= Southwest Madagascar Coastal Current =

Warm poleward ocean current flowing in the south-west of Madagascar

The Southwest Madagascar Coastal Current (SMACC) is a warm poleward ocean current flowing in the south-west of Madagascar.

==Discovery==
The upwelling region south of Madagascar, an important conveyor of nutrients for marine wildlife and fisheries off the coast of Madagascar, was found to be primarily wind-driven, but also influenced by a poleward eastern boundary flow coming from the Mozambique Channel. The system was subsequently identified as a previously unrecognized current. The current was likely not recognized as such before 2018 because the oceanic region in question has only been subject to relatively light oceanographic sampling so far.

==Characteristics==
The SMACC is a rare example of a subtropical surface current flowing opposite to the dominant winds off the western coast of a continent or a large island, like Madagascar.

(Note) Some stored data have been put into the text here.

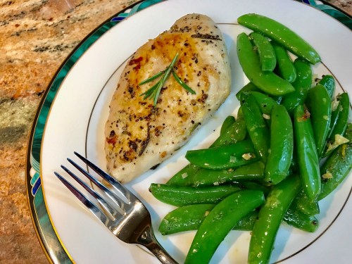 When the chicken is close to being done, sauté the garlic in two oz of olive oil over medium high heat for a minute or two, then add the sugar snap peas and a little garlic salt and pepper to taste, and cook for two to four minutes, stirring frequently.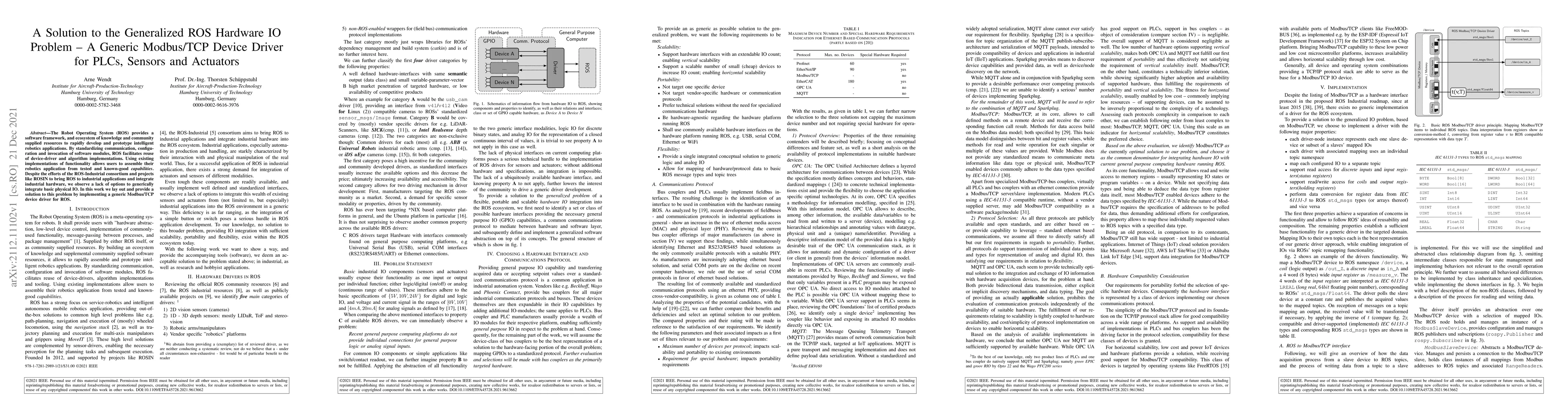 This paper presents a solution to the generalized ROS hardware IO problem by implementing a generic Modbus/TCP device driver. It aims to facilitate the integration of various industrial hardware like PLCs, sensors, and actuators into ROS-based robotics applications, addressing the current lack of options for generic physical IO.
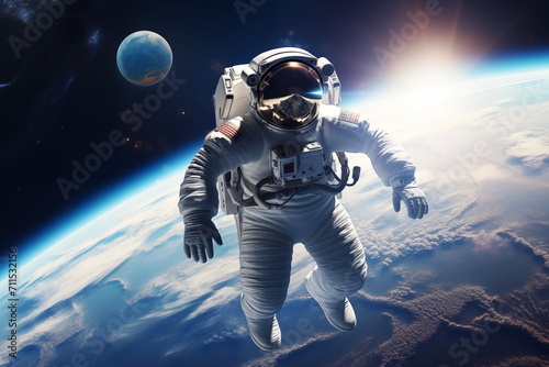An astronaut floating in space, with a view of Earth in the background. Astronaut in outer space over the planet Earth. Generated AI.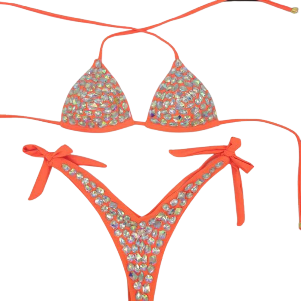 Welcome to boating season with this Blingkini Chique Orange swimwear! Perfect for those hot summer days spent at the lake, this sexy diamond swimsuit is sure to make a statement this season. With a unique rhinestone and crystal design, this polyester/spandex blingkini will turn heads wherever you go. Available in small, medium, and large, you're sure to find the perfect fit for your beach or bathing suit needs.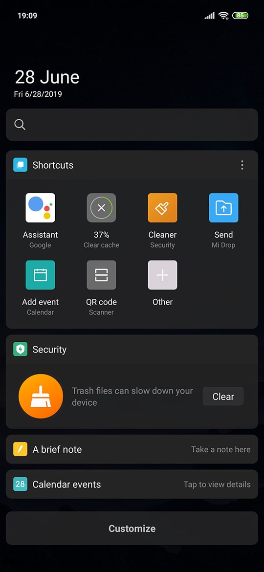 حالت Dark Mode که برای اولین بار در Mi 9 به این خانواده معرفی شده بود، اکنون در Mi 9 SE نیز وجود دارد. همانطور که با عملکرد و ساز و کار این حالت کاملا آشنایی دارید، تمام رنگهای سیستمی را از سفید به مشکی تغییر میدهد که به جز این که مانع از خستگی چشم در هنگام کار کردن با گوشی میشود، در کاهش مصرف انرژی باتری گوشی نیز تاثیر بسیار زیادی دارد. البته تمام اپها هنوز قابلیت پشتیبانی کردن از حالت دارک مود ندارند اما اغلب آنها دارند.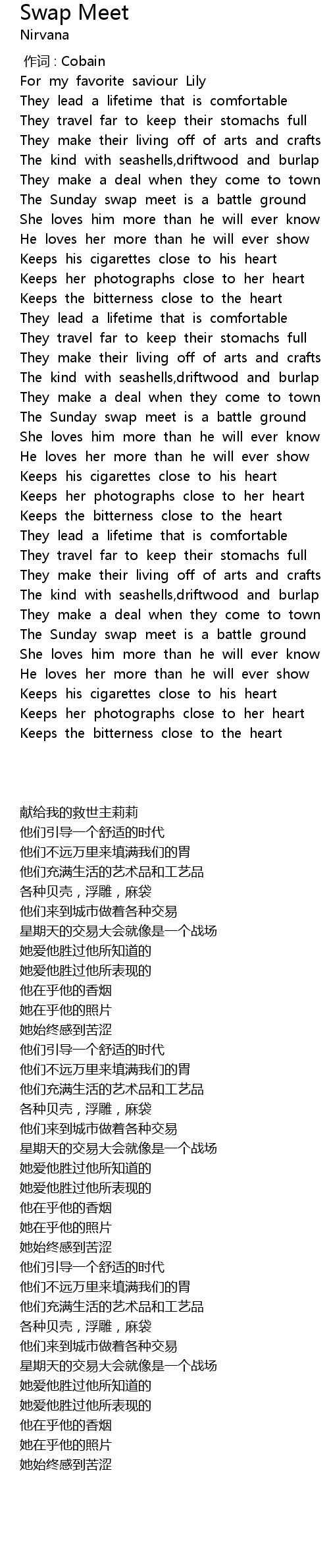 | [00:00.97] | 献给我的救世主莉莉 |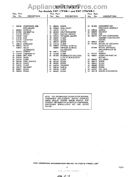 Parts for EWT17PWR1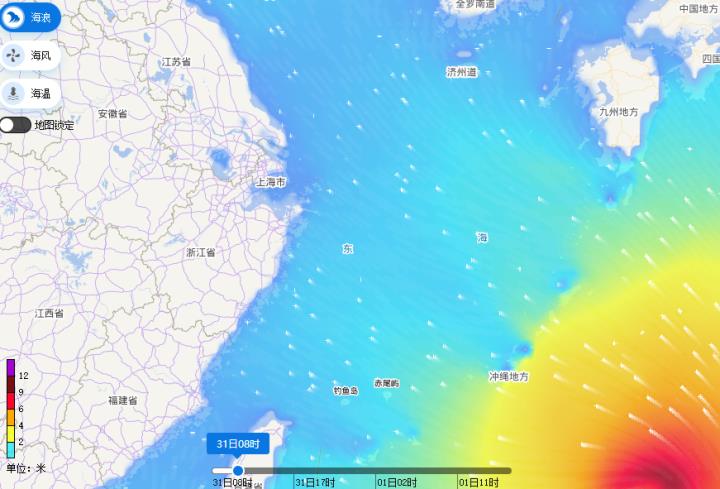 后天(8月1日)早晨至上午,“卡努”将移入东海,并逐渐向浙江沿海靠近,届时近岸海域将有4.0-5.0米的巨浪,近海海域将有8.0-10.0米的狂浪到狂涛,海浪预警级将到达橙色。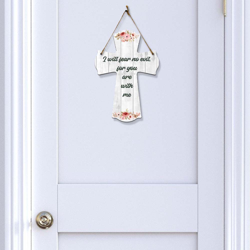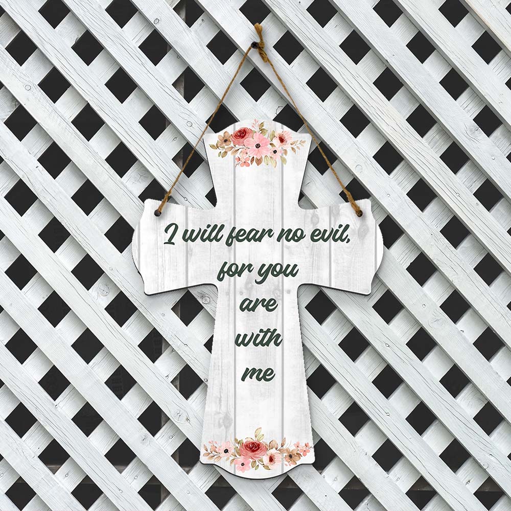 Introduce faith and elegance to any space with our I will fear no evil, for you are with me 11.5 x 8.5-inch hanging cross sign. Crafted from wood and hung by a piece of rustic twine, this simple and stylish design suits any space. Each cross is meticulously designed by our dedicated team, featuring carefully chosen messages of worship, scripture extracts, and heartfelt dedications of faith, making it a meaningful addition to any room. Whether displayed in your home, office, or place of worship, this hanging cross sign serves as a constant reminder of faith and inspiration. It's perfect for gifting on special occasions such as baptisms, birthdays, and weddings, or as a thoughtful way to celebrate and express your faith daily. Our hanging cross signs are not just decorations; they are symbols of devotion and cherished keepsakes that bring spiritual warmth and a sense of devotion into any environment. Celebrate and share your beliefs with this elegant and inspiring hanging Cross sign, a testament to your faith and a beautiful addition to any space.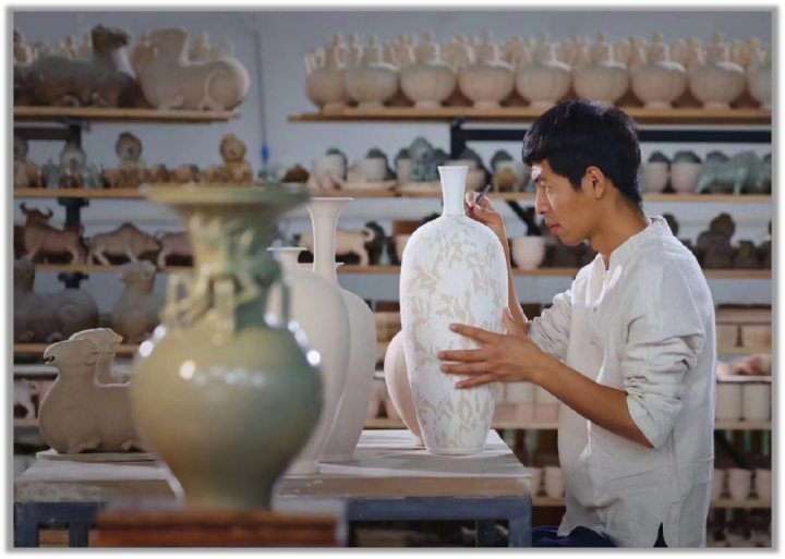 这几天,越窑青瓷烧制技艺非物质文化遗产代表性传承人顾少波十分忙碌,他的3件越窑青瓷作品成功入选杭州亚运会特许商品名录,即将上线对外出售。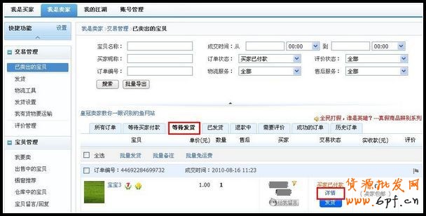 賣家登錄到“賣家中心”—“發貨”—“等待發貨的訂單”在具體的訂單后點擊“發貨”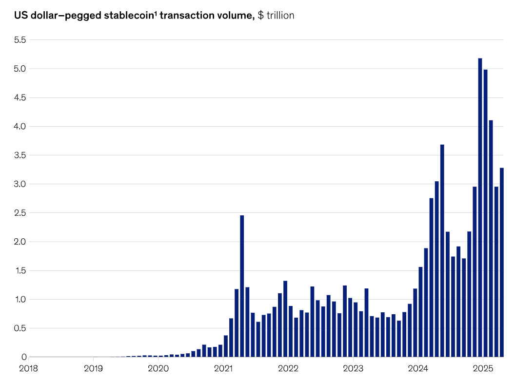 From January to July 2025, transaction volume, that is, the total amount of money moved using stablecoins, rose 83% compared to last year, reaching over five trillion dollars. Some of this activity comes from computers automatically trading back and forth extremely fast, but even if you remove that, regular everyday use still adds up to about one trillion dollars — more than double last year.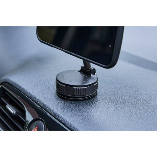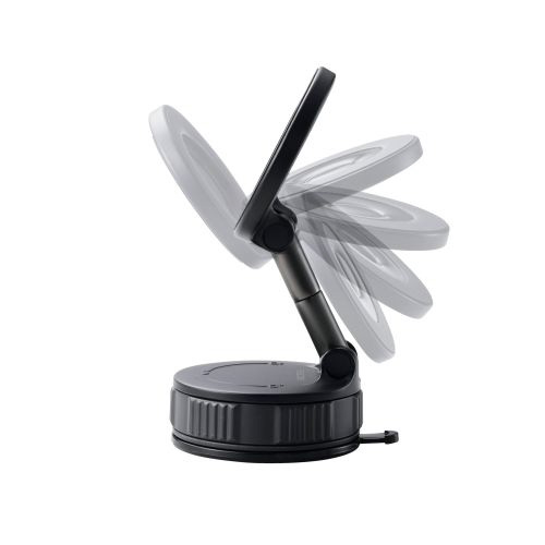 ドライブをもっと快適に。車のダッシュボードに簡単に取り付けられるスマホホルダーです。N52超強力ネオジム磁石でスマートフォンをしっかり固定し、運転中の振動や急ブレーキでも落下を防止。ダイヤルを回して真空状態にすることで浅めのシボ面にも強力に吸着できるゲル吸盤タイプです。使わないときは邪魔にならないよう、折りたたんでコンパクトに収納できます。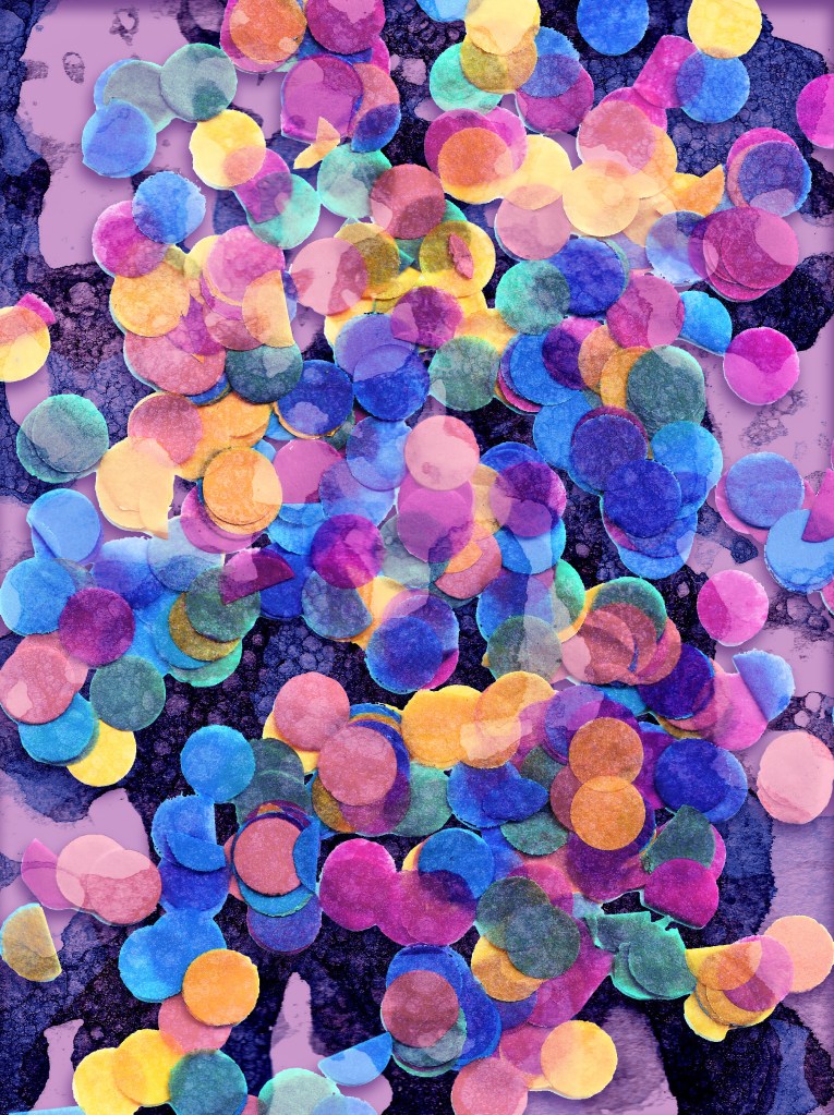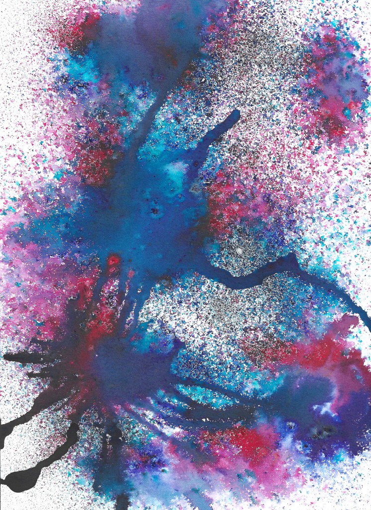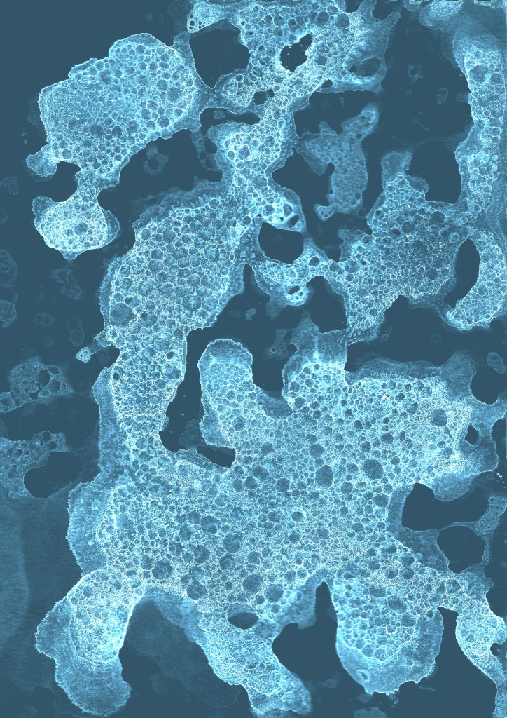 I had a lot of fun experimenting with just making visual textures, something I hadn’t really delved into all that much. I was reminded of an art project I did as a small child, where you’d put food dye and fairy-liquid into water. Then you’d put the tip of a straw into the water and blow. Colourful bubbles would form at the surface, and you could print these onto paper if you were careful with gently placing the paper on top. I did this but with black acrylic paint, then I scanned in the dried bubble prints and played around with digital editing. The image in the middle was made by simply dropping confetti onto the glass of my scanner. Then the image on the right was made using watercolour pigment powders and a spray water bottle.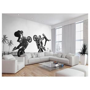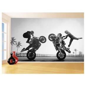Papel De Parede 3D Moto Grau Empinando Manobra 3,5M Bkm43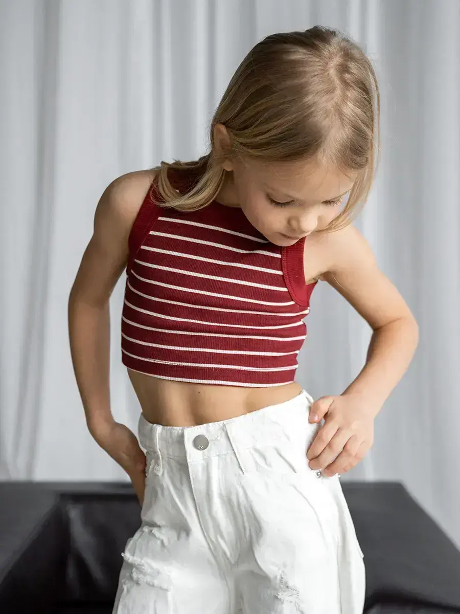 Топ для девочки в стиле y2k легко сочетается с шортами, юбками или брюками, создавая разнообразные образы. Красный укороченный топ в полоску для девочки станет универсальным и удобным дополнением гардероба вашей девочки. Кроп топ для девочки идеально подходит для теплых дней, активных игр и создания стильных образов в любое время.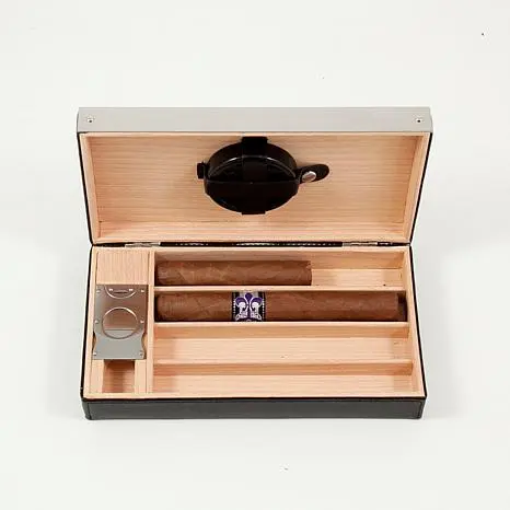 Bey-Berk Leather Humidor 4 Cigar Holder Here's the perfect box for your favorite smokes. This sleek four cigar humidor is wrapped in black leather with a handsome stainless steel trim. It includes a plastic humidistat to maintain the optimum humidity inside the box to keep your fine cigars perfectly conditioned. What You Get Wood cigar box with leather cover Stainless steel cigar cutter Plastic humidstat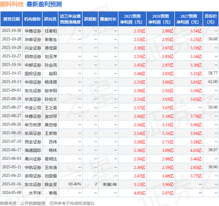 民生证券股份有限公司吕伟,白青瑞近期对能科科技进行研究并发布了研究报告《2025年三季报点评:战略聚焦提升盈利能力,前瞻布局灯塔工厂》,给予能科科技买入评级。

SMACC’s average length is about 500 kilometers and its average width ranges between 50 and 100 kilometers. It extends from the surface to a depth of about 150 meters upstream and about 70 meters downstream. The SMACC extends from 22°S (upstream) to 26.4°S (downstream). The water masses of the SMACC have high salinity characteristics of Subtropical Surface Waters.

Driven by wind stress curl, the SMACC flows faster in summer and is reduced in winter, maintaining an average speed of 20 cm/s. Its average volume transport is about 1.3 Sverdrup with a mean summer maximum of 2.1 Sverdrup. Cyclonic eddies generated at the south of Madagascar could also contribute to the intensification of the downstream of the SMACC.

The intrusion of warm waters from the Mozambique Channel may reduce the upwelling at the south of Madagascar surface signature during the austral summer season. Intensification of wind stress curl could favor the intrusion of the SMACC toward the upwelling system. Consequently, the intensification of the wind stress curl enhances the transport of warm water, carried by the SMACC, reduces the surface signature of the upwelling, and influences the phytoplankton response associated with that upwelling.

The interaction between the SMACC and the coastal upwelling could influence the local fisheries productivity and larval transport patterns, as well as the connectivity with the Agulhas Current, affecting the returning branch of the global overturning circulation.